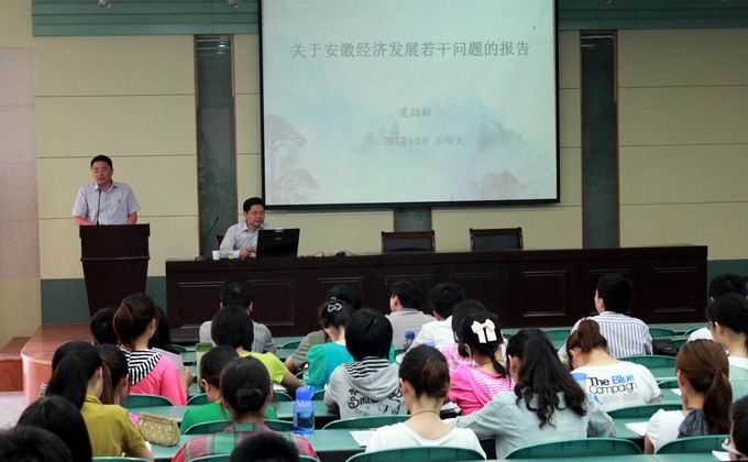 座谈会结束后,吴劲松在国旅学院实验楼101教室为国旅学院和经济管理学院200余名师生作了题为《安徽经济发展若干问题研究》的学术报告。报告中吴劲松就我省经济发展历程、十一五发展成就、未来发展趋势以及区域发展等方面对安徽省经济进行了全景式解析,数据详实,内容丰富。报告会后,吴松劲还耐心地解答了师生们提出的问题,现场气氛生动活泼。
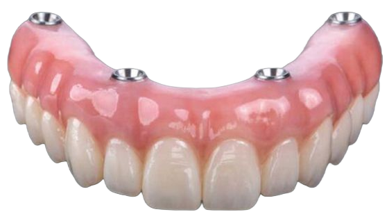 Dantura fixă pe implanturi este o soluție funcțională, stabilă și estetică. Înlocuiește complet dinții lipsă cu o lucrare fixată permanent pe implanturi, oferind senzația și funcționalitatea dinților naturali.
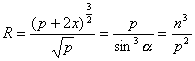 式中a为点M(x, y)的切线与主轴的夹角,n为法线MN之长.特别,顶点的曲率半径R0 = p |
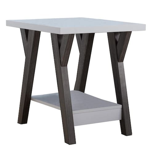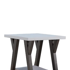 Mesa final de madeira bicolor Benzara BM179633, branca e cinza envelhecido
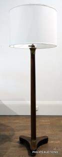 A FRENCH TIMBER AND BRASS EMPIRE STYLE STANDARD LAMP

····················

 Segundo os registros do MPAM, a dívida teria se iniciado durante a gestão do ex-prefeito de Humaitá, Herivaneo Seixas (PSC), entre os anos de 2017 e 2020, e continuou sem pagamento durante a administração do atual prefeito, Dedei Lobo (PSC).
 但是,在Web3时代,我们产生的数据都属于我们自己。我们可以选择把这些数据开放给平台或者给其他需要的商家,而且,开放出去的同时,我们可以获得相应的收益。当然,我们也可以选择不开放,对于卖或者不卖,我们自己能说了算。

····················

__WHAT YOU HAVE TO DO__. Would you transcribe the lines above exactly, going from the line bearing "座谈会结束后,吴劲松在国旅学" through the line bearing "式中a为点M(x, y)的切线与主轴的夹角,n为法线MN之长.特别,顶点的曲率半径R0 = p", and drop the pictures from the copy?

__FINISHED EXERCISE__.
 座谈会结束后,吴劲松在国旅学院实验楼101教室为国旅学院和经济管理学院200余名师生作了题为《安徽经济发展若干问题研究》的学术报告。报告中吴劲松就我省经济发展历程、十一五发展成就、未来发展趋势以及区域发展等方面对安徽省经济进行了全景式解析,数据详实,内容丰富。报告会后,吴松劲还耐心地解答了师生们提出的问题,现场气氛生动活泼。
 Dantura fixă pe implanturi este o soluție funcțională, stabilă și estetică. Înlocuiește complet dinții lipsă cu o lucrare fixată permanent pe implanturi, oferind senzația și funcționalitatea dinților naturali.
 式中a为点M(x, y)的切线与主轴的夹角,n为法线MN之长.特别,顶点的曲率半径R0 = p |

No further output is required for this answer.